Julian Bethwaite (born 14 July 1957) is an Australian, Sydney-based skiff sailor and sailboat designer. He wrote one chapter of his father Frank's book, Higher Performance Sailing.

Skiff sailing 
Bethwaite started sailing 18ft skiffs in 1974 crewing on KB, before moving on to the boats 9Sports, Singapore Airline, and Mutual Acceptance. Bethwaite won his first 18 ft Skiff World Championship as crew in 1987 and again as skipper in 1990 and 1992. He held several positions relating to the 18 ft class, including secretary of NSW 18 ft Skiff Sailing League, manager of the Super Skiff Series, and Skiff Grand Prix.
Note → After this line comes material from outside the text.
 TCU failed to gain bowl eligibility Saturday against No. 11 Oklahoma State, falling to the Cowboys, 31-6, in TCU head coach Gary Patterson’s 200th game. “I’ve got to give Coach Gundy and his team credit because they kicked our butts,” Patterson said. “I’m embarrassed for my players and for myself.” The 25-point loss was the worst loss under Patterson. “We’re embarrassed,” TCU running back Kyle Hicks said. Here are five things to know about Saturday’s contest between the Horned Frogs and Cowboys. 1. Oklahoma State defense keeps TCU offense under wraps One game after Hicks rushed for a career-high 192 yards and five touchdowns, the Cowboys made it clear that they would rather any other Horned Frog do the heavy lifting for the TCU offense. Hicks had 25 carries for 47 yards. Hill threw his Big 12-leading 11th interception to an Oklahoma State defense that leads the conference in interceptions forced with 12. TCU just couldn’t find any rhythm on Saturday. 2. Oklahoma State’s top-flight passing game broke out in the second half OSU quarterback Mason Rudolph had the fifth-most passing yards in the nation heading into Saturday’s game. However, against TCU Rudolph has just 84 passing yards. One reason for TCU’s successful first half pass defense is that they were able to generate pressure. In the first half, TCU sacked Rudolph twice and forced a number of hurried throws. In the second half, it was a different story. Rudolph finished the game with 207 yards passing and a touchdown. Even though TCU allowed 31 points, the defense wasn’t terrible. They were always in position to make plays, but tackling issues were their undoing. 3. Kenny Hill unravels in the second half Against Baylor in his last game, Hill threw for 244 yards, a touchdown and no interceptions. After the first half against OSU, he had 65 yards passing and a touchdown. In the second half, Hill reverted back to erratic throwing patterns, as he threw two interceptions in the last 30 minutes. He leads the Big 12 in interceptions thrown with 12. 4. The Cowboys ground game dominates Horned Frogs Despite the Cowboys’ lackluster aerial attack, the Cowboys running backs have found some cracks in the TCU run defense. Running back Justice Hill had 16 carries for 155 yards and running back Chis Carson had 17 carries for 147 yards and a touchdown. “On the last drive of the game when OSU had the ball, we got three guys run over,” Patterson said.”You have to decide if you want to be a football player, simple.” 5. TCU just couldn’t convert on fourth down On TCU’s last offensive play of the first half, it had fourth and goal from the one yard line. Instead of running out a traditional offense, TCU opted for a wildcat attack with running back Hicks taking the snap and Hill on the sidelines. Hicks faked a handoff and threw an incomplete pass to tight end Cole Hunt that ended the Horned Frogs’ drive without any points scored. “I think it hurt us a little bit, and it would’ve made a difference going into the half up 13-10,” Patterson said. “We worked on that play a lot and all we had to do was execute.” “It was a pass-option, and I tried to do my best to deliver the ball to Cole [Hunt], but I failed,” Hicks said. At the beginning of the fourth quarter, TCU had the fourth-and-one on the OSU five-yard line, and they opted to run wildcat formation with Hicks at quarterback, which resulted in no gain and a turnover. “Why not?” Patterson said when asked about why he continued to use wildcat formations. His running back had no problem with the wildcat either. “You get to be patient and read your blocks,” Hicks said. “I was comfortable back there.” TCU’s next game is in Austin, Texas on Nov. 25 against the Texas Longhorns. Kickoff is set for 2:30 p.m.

At this time, Grand Prix Sailing was covered on TV. Internationally, his partnership with Alex Gad developed media driven sailing events throughout Europe, the U.S., and Mexico that resulted in three Sport-Tel awards.

Sailboat designs
In 1980 based on a stretched Tasar Dinghy hull, he designed the first of the trilogy of Prime Computer 18 ft skiffs. It had a crew of two rather than the usual three which made sailing the boat difficult when handling the spinnaker pole and its complex wire bracing. It was this complexity that made Bethwaite design the Prime Mk2 with a fixed bowsprit and asymmetric spinnaker. To keep the weight down, the hull was made of balsa wood and weighed just 130 pounds (60kgs).

Prime Mk3 was also made of balsa wood, had a wingspan of 26 ft, and weighed just 99 pounds (45kgs). This was later used to make a plug for the standardized B18 class.
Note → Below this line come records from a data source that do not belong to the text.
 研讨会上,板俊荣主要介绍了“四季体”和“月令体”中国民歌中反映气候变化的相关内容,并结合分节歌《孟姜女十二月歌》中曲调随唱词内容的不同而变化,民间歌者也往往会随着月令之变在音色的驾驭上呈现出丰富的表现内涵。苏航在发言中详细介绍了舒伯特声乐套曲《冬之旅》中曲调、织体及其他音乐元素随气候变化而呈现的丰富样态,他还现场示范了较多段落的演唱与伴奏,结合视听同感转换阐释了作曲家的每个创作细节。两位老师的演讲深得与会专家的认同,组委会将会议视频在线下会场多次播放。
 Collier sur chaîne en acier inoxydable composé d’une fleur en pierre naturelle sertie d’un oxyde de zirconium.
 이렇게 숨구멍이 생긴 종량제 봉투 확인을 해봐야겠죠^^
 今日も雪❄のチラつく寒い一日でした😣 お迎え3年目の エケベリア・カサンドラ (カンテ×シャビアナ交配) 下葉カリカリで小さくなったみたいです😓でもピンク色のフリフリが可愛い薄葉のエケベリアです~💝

In 1994, Bethwaite designed the 49er which was a new high performance skiff. In 1996, it was one of 15 entries considered by the ISAF selection competition for the upcoming 2000 Sydney Olympics.
 The Olympic committee selected the 49er. From the 2000 Olympics and onwards, the 49er sailed with country flag designs covering the entire spinnaker, making it clear which boat was which.

In 1998, the smaller 29er was designed for the international youth market. The 29er has been given International Class status In 2004, he worked with Martin Billoch and Chris Mitchell to design the SKUD 18, a ballasted skiff for disabled sailors. From 2008 through 2016 this boat has been raced at the Paralympic Games.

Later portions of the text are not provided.